Mexican electrical engineer and inventor

Guillermo González Camarena (17 February 1917 – 18 April 1965) was a Mexican electrical engineer who invented an early field-sequential color television.

González Camarena was born in Guadalajara, Mexico. His parents were from the town of Arandas, Jalisco. He was the youngest of seven siblings. One of his brothers, Jorge González Camarena, was a famous Mexican muralist.

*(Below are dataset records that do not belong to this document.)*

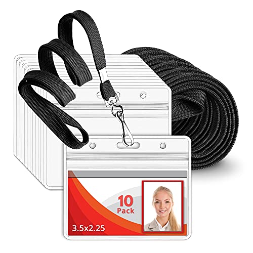 INCLUDE - 10 cordini neri in stile piatto lunghi 91,4 cm (45,7 cm appesi) + 10 portabadge orizzontali che si adattano a inserti di carta da 8,9x5,7 centimetri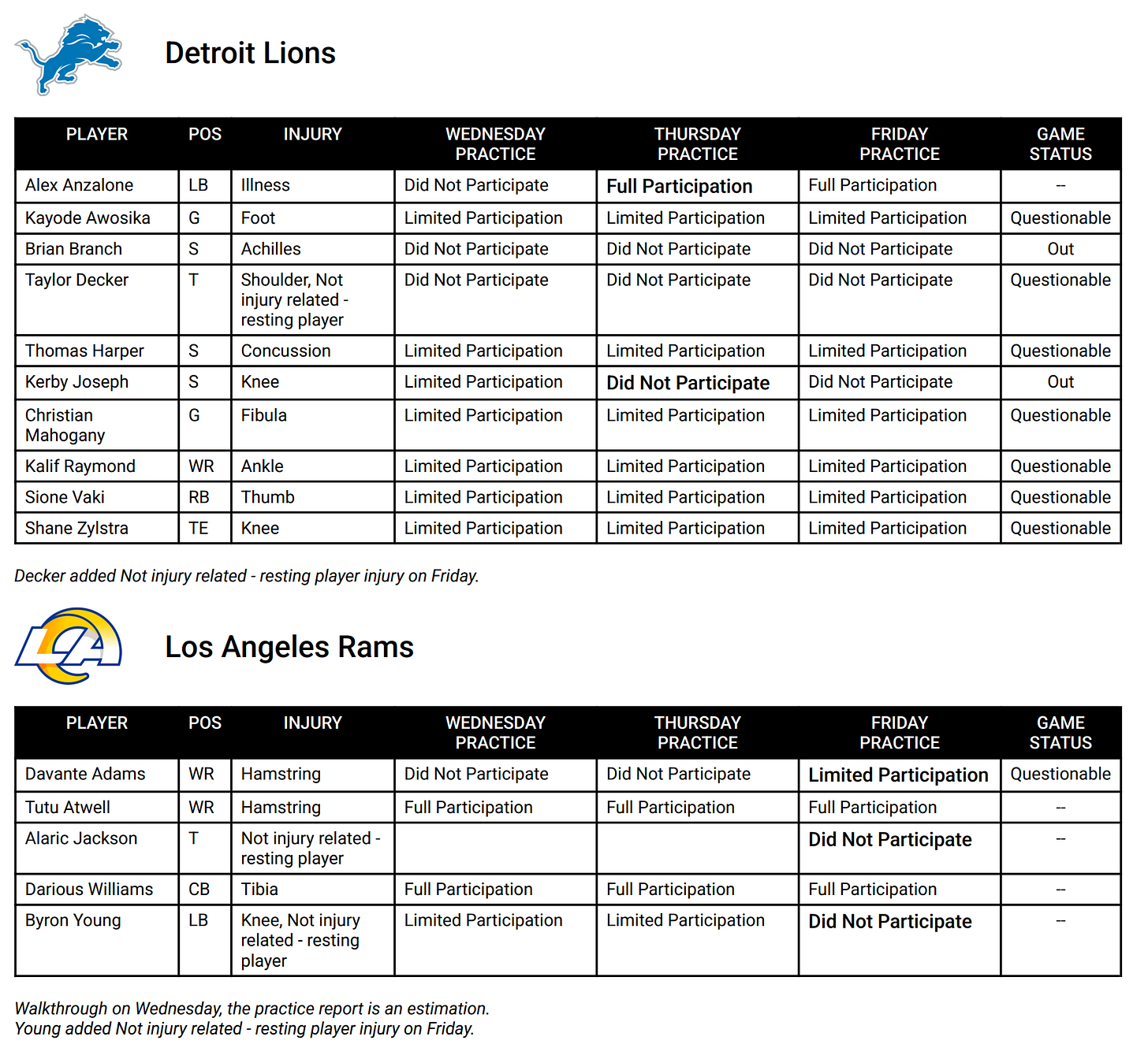 The Rams have an enviously tiny injury report with nobody “out” and only a single “questionable”. They did lose RT Rob Havenstein, TE Tyler Higbee and S Quentin Lake to IR earlier in the season.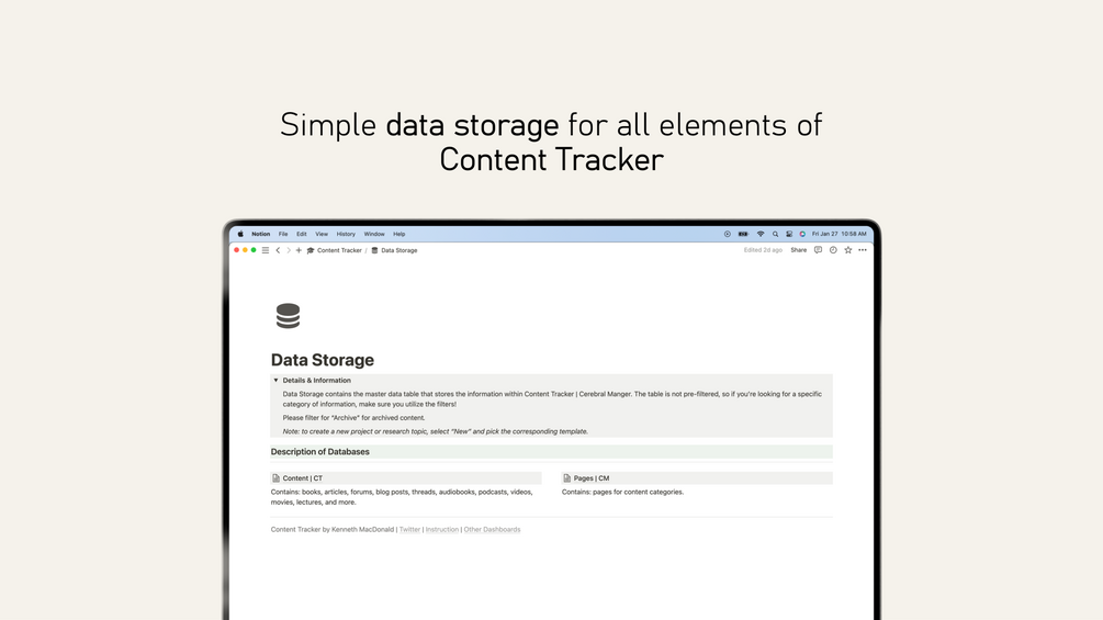 Content Tracker is part of the Cerebral Manager Ecosystem. If you enjoy this template, please check out my others: https://kmacdonald.gumroad.com/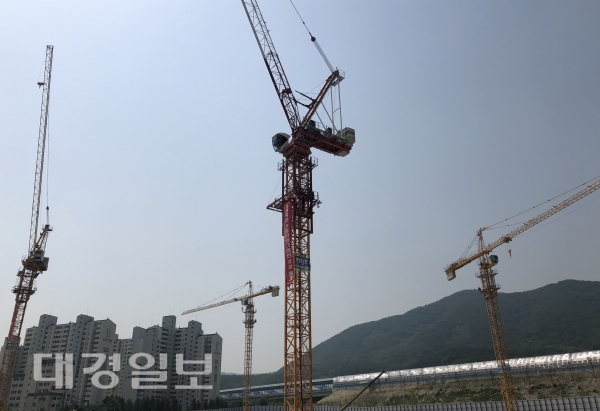 수성구 한 아파트 공사현장에 있는 타워크레인 5대 가운데 4대에는 '시한폭탄 소형 타워크레인 즉각 폐기' 등 구호가 적힌 현수막이 걸려 있었다.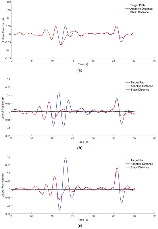 In order to clearly demonstrate the path tracking curves for the adaptive and static preview distances, the complete test cycle is split into three segments of 0–30 s, 30–60 s, and 60–90 s here, as shown in Figure 14.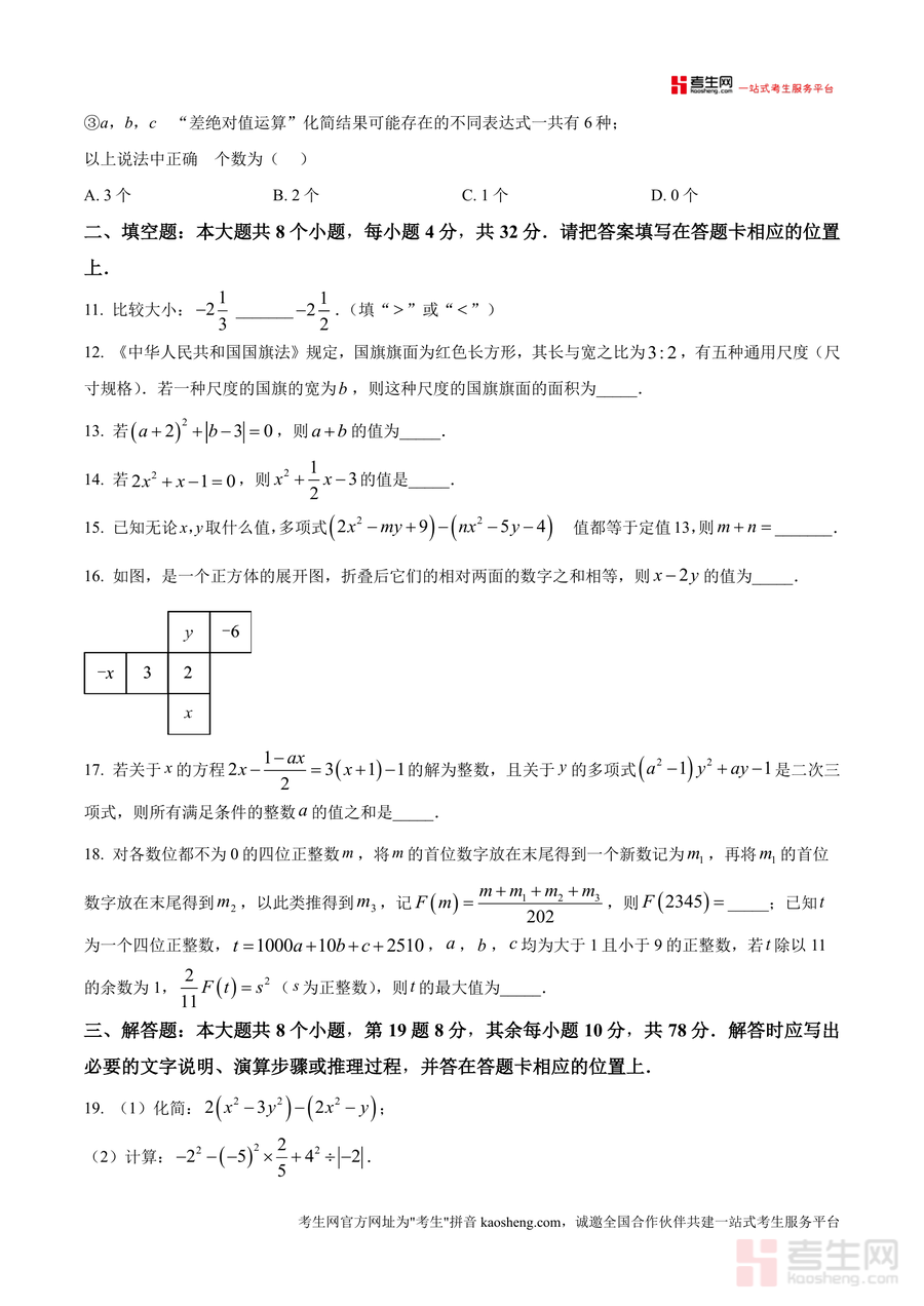 该资料核心用途为助力七年级学生期末备考自测、教师分析区域命题趋势及家长了解孩子学习水平。使用场景包括学生考前模拟训练(熟悉题型分布与时间分配)、教师课堂教学案例设计(结合真题讲解知识点)、家长辅助孩子针对性复习(根据试题考点查漏补缺)。用户价值体现在通过原卷训练可提升学生应试能力,精准定位薄弱环节;备考优势则是其区域专属属性,能让使用者提前适应本地考试难度与命题风格,避免盲目复习,例如解答题中的进位制探究题可有效拓展数学思维,帮助学生适应创新题型。
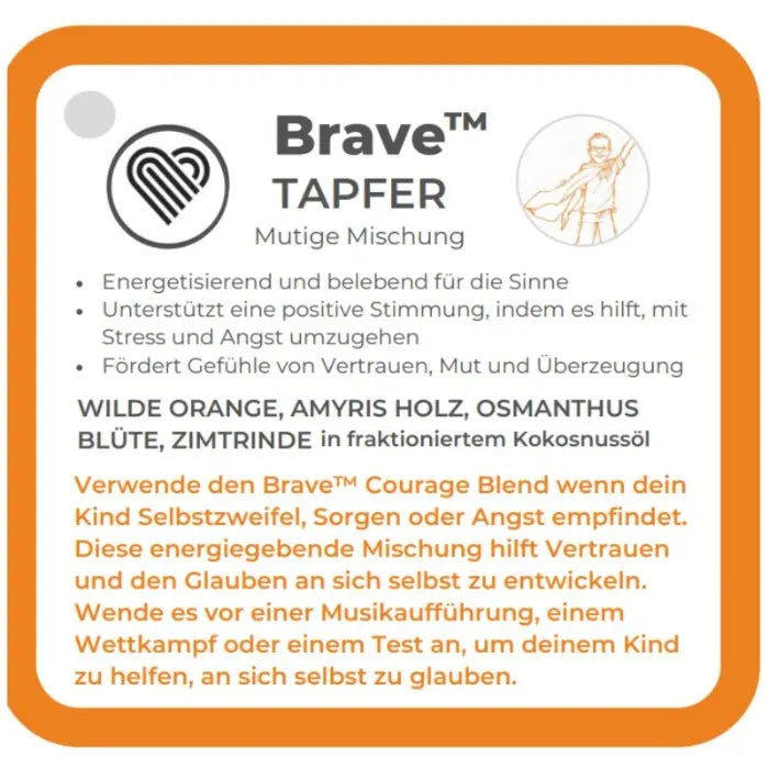 Das helle, warme Aroma von Brave stärkt Kinder emotional. Vor Prüfungen, Veranstaltungen oder Veränderungen – ein Tropfen Brave auf Fußsohlen und Handrücken kann Selbstvertrauen und Mut stärken.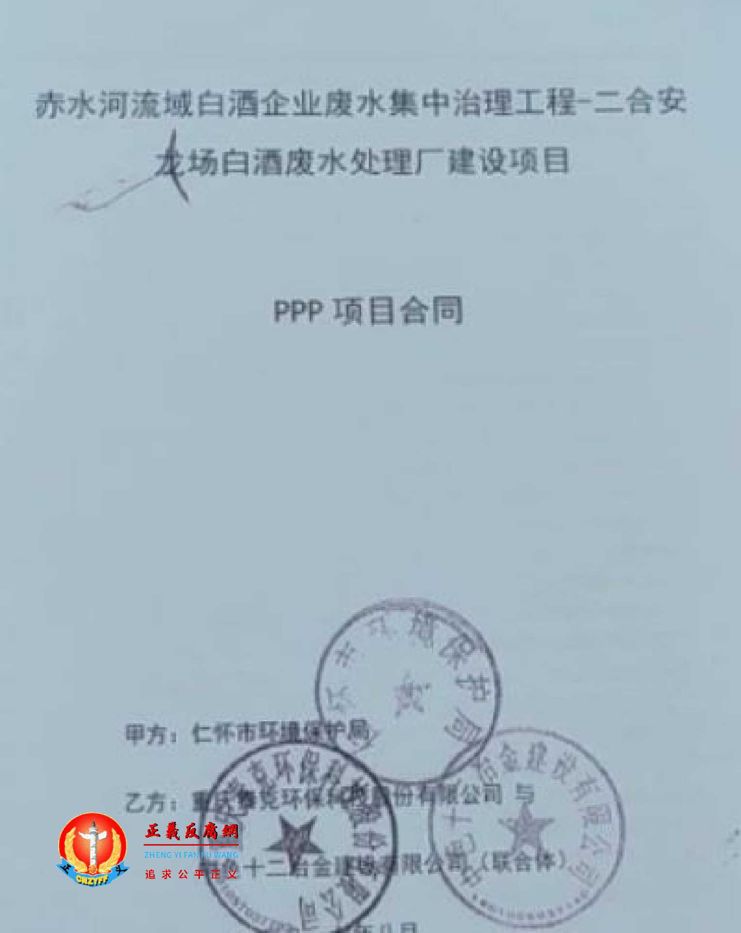 ▲赤水河流域白酒企业废水集中治理程﹣二合安龙场白酒废水处理厂建设项目《PPP项目合同》(图片来源:视频截图)

González Camarena graduated as an electrical engineer from the National Polytechnic Institute in Mexico City.

==Death==
He died in a car crash in Puebla on April 18, 1965 at the age of 48, returning from inspecting a television transmitter (that of XHGC relayer XHAJ-TV) in Las Lajas, Veracruz.

==Legacy==
A field-sequential color television system similar to his multicolor system and CBS' early color TV was used in NASA's Voyager mission in 1979, to take pictures and videos of Jupiter.

There was a Mexican science research and technology group created La Fundación Guillermo González Camarena or The Guillermo González Camarena Foundation in 1995 that was beneficial to creative and talented inventors in Mexico.

At the same time, the IPN began construction on the Centro de Propiedad Intelectual "Guillermo González Camarena" (Guillermo González Camarena Intellectual Property Center).